Okay, now that we know how we are going to find Peters maximum jump height we have to find everything that we don't already know, which fortunately is just one of our terms, the Spiders’ initial velocity. Finding that is going to involve a few steps but since our calculations depend on his super strength we need to know how strong he is.

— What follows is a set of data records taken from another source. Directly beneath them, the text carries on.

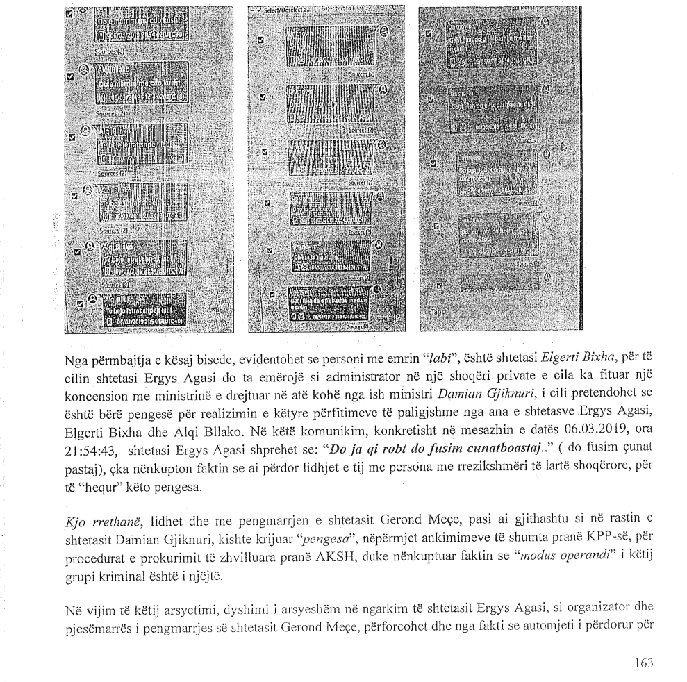 Në bisedën e fiksuar nga SPAK, identifikohet personi me emrin “Labi”. Ai është Elgerti Bixha të cilin Ergys Agasi pretendonte të emëronte në atë kohë si administrator në një shoqëri private e cila kishte fituar një koncesion me Ministrinë e Infrastrukturës dhe Energjisë që asokohe drejtohej nga Damian Gjiknuri. Ky i fundit ishte bërë pengesë për realizimin e disa përfitimeve të paligjshme nga ana e Agasit, Bixhës dhe Bllakos, ndaj ai i shkruan miqve të tij në komunikim me mesazh se “Do t’ia q* robt, do fusim çunat pastaj”.
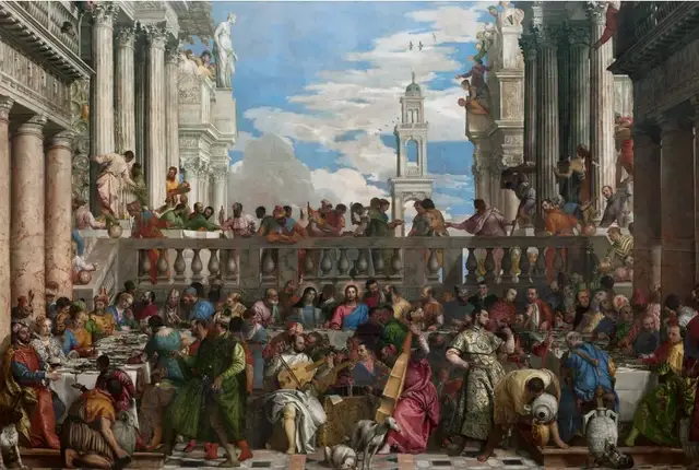 《迦纳的婚礼》,委罗内塞 1563年,布面油画,677厘米×994厘米,卢浮宫,巴黎
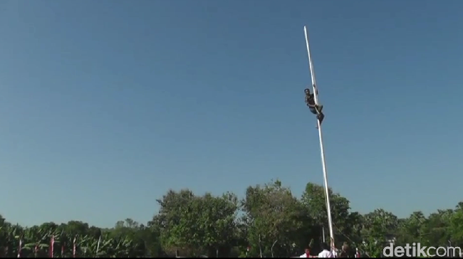 1. Ghofur Melepas Sepatu dan Sabuk Sebelum Panjat Tiang Bendera
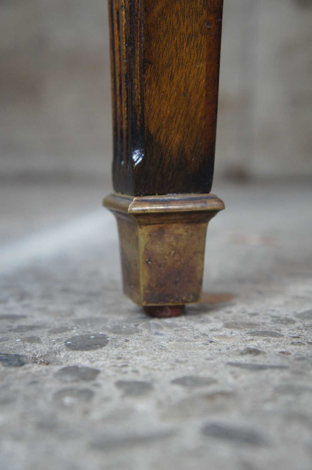 Traditional inspired drum table by Henredon. The Burnet side table is from the Acquisitions Collection. Flamed mahogany with 3 drawers, tapered and fluted legs over brass capped feet. Product number 3030-41-669
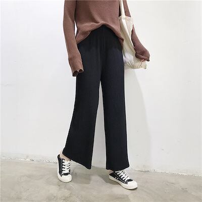 韓国ファッション ロングスラックスパンツ 着痩せロングパンツ 伸縮性のあるウエスト ストレート ガウチョパンツ スラックスパンツ

Since Spideys’ strength is determined by his weight the first thing we need to do is find out how much he weighs. Not surprisingly the spider fandom is an excellent resource on the exact physical properties of each and every spider-man in the comics, but I’m not using any of that cause I didn’t read any of those. In 2002 when the first of Tobey Maquire’s Spider(s)-Man movies was released I was six years old and that means Tobey Maquire is MY Spider-man and Tobey was 155 lb in that movie so that’s the weight well use. We’ll call this unit a Tobey.
\[\begin{array}{rcl}
1\ Tobey & = & 155\ LB \\
& \cong & 70\ Kg \\
\end{array}\]
Next, we need to figure out what that translates to as far as lifting capacity. For that, we’ll use the spider coefficient from before. That will tell us the minimum weight the Tobey Maquire spider can lift, henceforth known as a Tobey Lift.
\[\begin{array}{rcl}
1\ Tobey\ Lift & = & 1\ Tobey × Spider\ Coefficien \\
& = &26350\ LB \\
& = & 11910\ Kg
\end{array}\]
For the next part, I am going to make a few assumptions that are not necessarily the case but will make the rest of this really easy. One, we are going to assume that since Tobey Maguire is only a little shorter than me he well squat the same amount that I do when I am lifting weights, about eighteen inches. Two, we’ll make a bigger assumption and say that everyone regardless of their relative strength will take the same amount of time to stand from a squat if they are lifting the most weight they possibly can, for me that is about 0.5 seconds so that is the squatting time we’ll use. Remember the squat time is the amount of time it takes to squat when you are lifting your heaviest possible weight, not the amount it takes to squat without weights. Knowing that we get the following:
\[ d = 18\ inches ≈ 0.4572\ meters \]
\[ t = 0.5\ seconds \]
\[\begin{array}{rcl}
Acceleration_{Lift} & = & \frac{\Delta V}{time} \\
& = & \frac{2 \ Delta V}{time^{2}} \\
& = & \frac{0.4572}{0.5^{2}} \frac{meters}{Second^{2}}
\end{array}
\]
In the above equation, Spider-Man is accelerating upward away from the earth but the earth is still pulling down on him so to show that he is accelerating away from the earth we need to subtract the downward acceleration the earth is applying to him from the acceleration above giving us this acceleration:
\[Acceleration_{Lift} = Acceleration\ away\ from\ the\ ground - Acceleration\ of\ the\ earth \]
\[\begin{array}{rcl}
Acceleration_{Lift} & = & 3.6578 \frac{meters}{second^{2}}
-(-9.81 \frac{meters}{second^{2}}) \\
& = & 13.4676 \frac{meters}{second^{2}}
\end{array}
\]
Now all we do is plug this into the force equation, and from now on we’ll call the maximum amount of force that Spidey can produce a Tobey Strength.
\[\begin{array}{rcl}
1\ Tobey\ Strength & = & 11,980\ Kg × 13.4676 \frac{meters}{second^{2}} \\
& = & 160,400 \frac{Kg× meters}{second^{2}}
\end{array}\]
For reference that is roughly the amount of force, a wall would experience if you ran a pickup truck into it going 60mph. You might think that a building would just be crushed if Spider-Man tried to jump off it but Spider-Man weighs way less than a building so it probably wouldn’t be all that destructive. Although I bet he has put his foot through a few roofs.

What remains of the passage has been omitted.